Extracted data entries
-----

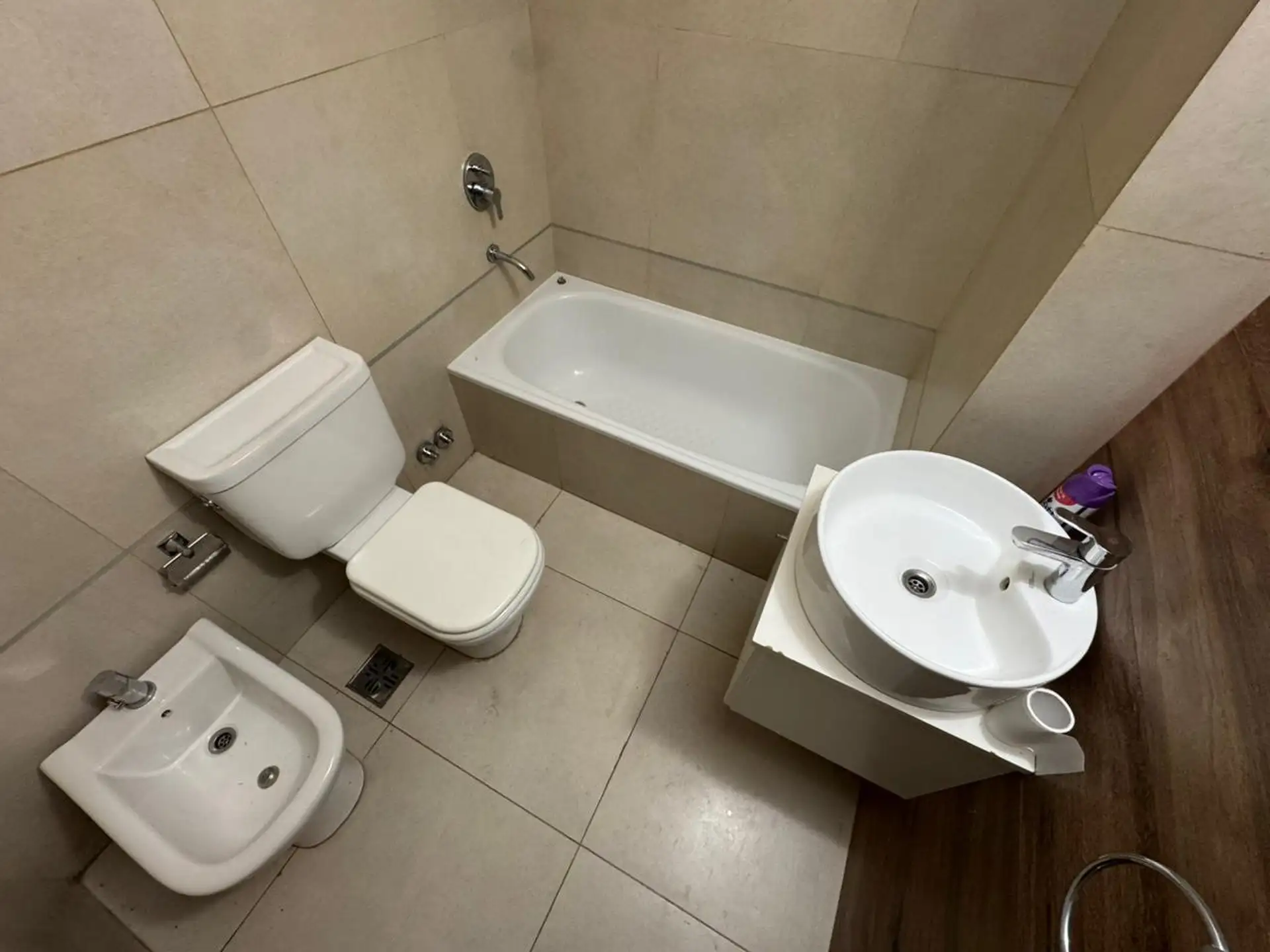 Apartamento de dois ambientes com 1 quarto, com armário embutido. Cozinha integrada com móveis sob a bancada e despensa, e banheiro completo com banheira.
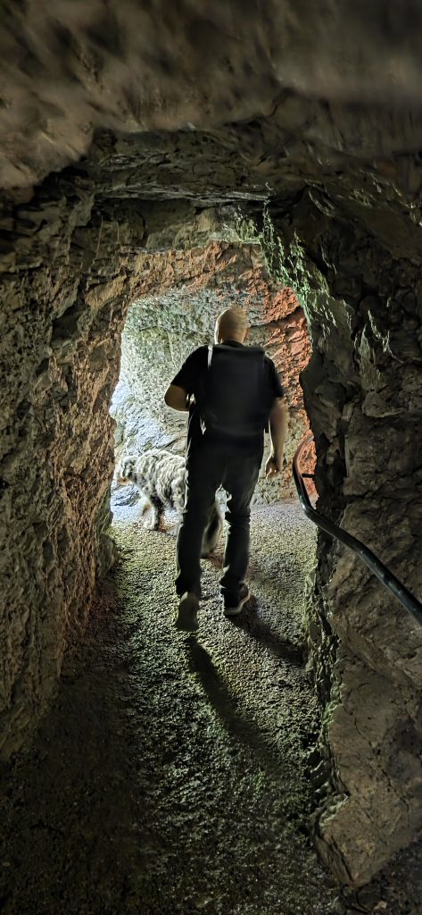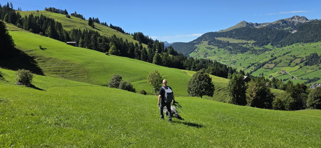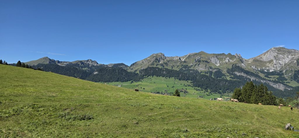 Eine junge Frau überholte uns flott, kam später wieder zurück und wir ahnten schon, irgendwas stimmt nicht. Der Wanderweg war durch einen elektrischen Kuhzaun unterbrochen. Die Frau konnte unten durchschlüpfen, aber mit Taiga war das keine Option. Also suchten wir einen anderen Weg. Noch steiler, noch unebener. Und ja, wir hatten Turnschuhe an. Es war anstrengend, wir mussten aufpassen, nicht umzuknicken. Endlich fanden wir einen Zaun ohne Strom und konnten durchschlüpfen.
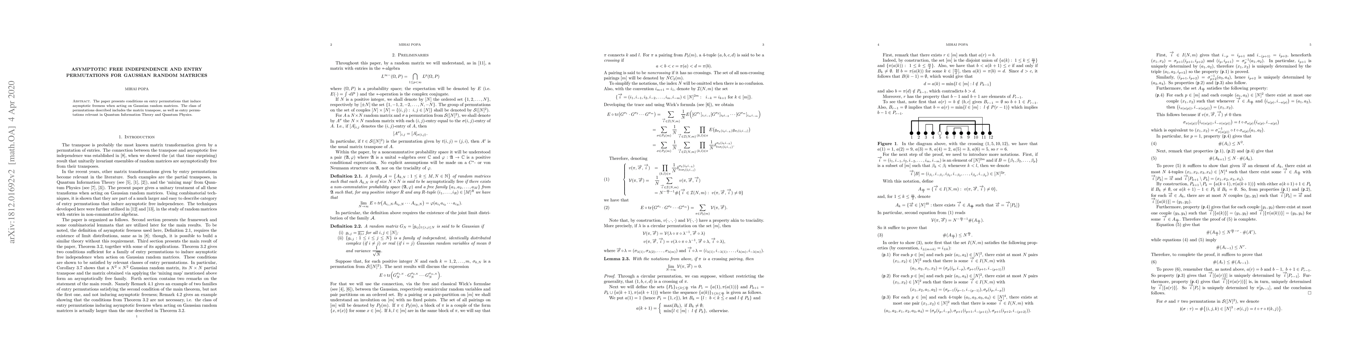 The paper defines conditions under which specific entry permutations of Gaussian random matrices lead to asymptotic freeness, including the matrix transpose and permutations significant in Quantum Information Theory and Quantum Physics. These findings contribute to understanding the structure of large random matrices in both classical and quantum contexts.
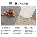 綿麻生地の敷パッド。保温性と優れた吸湿速乾性で蒸れにくく、一年中ご使用いただけます。
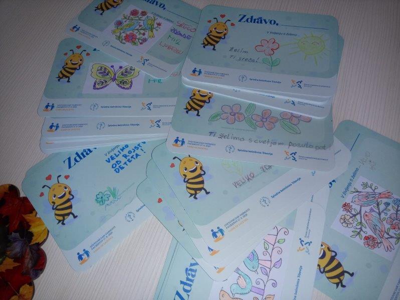 Ob Svetovnem dnevu varnosti pacientov, ki letos poteka pod sloganom “Varni od začetka”, smo pomagali z risanjem in pisanjem voščil na kartice za novorojenčke. Čeprav naše risbe niso lepe in se včasih težko izražamo, naša voščila novorojencem prihajajo iz srca!

-----

=== ASSIGNMENT ===
The data must be repeated exactly. Any pictures in it are to be left out.

=== RESULT BELOW ===
 Apartamento de dois ambientes com 1 quarto, com armário embutido. Cozinha integrada com móveis sob a bancada e despensa, e banheiro completo com banheira.
 Eine junge Frau überholte uns flott, kam später wieder zurück und wir ahnten schon, irgendwas stimmt nicht. Der Wanderweg war durch einen elektrischen Kuhzaun unterbrochen. Die Frau konnte unten durchschlüpfen, aber mit Taiga war das keine Option. Also suchten wir einen anderen Weg. Noch steiler, noch unebener. Und ja, wir hatten Turnschuhe an. Es war anstrengend, wir mussten aufpassen, nicht umzuknicken. Endlich fanden wir einen Zaun ohne Strom und konnten durchschlüpfen.
 The paper defines conditions under which specific entry permutations of Gaussian random matrices lead to asymptotic freeness, including the matrix transpose and permutations significant in Quantum Information Theory and Quantum Physics. These findings contribute to understanding the structure of large random matrices in both classical and quantum contexts.
 綿麻生地の敷パッド。保温性と優れた吸湿速乾性で蒸れにくく、一年中ご使用いただけます。
 Ob Svetovnem dnevu varnosti pacientov, ki letos poteka pod sloganom “Varni od začetka”, smo pomagali z risanjem in pisanjem voščil na kartice za novorojenčke. Čeprav naše risbe niso lepe in se včasih težko izražamo, naša voščila novorojencem prihajajo iz srca!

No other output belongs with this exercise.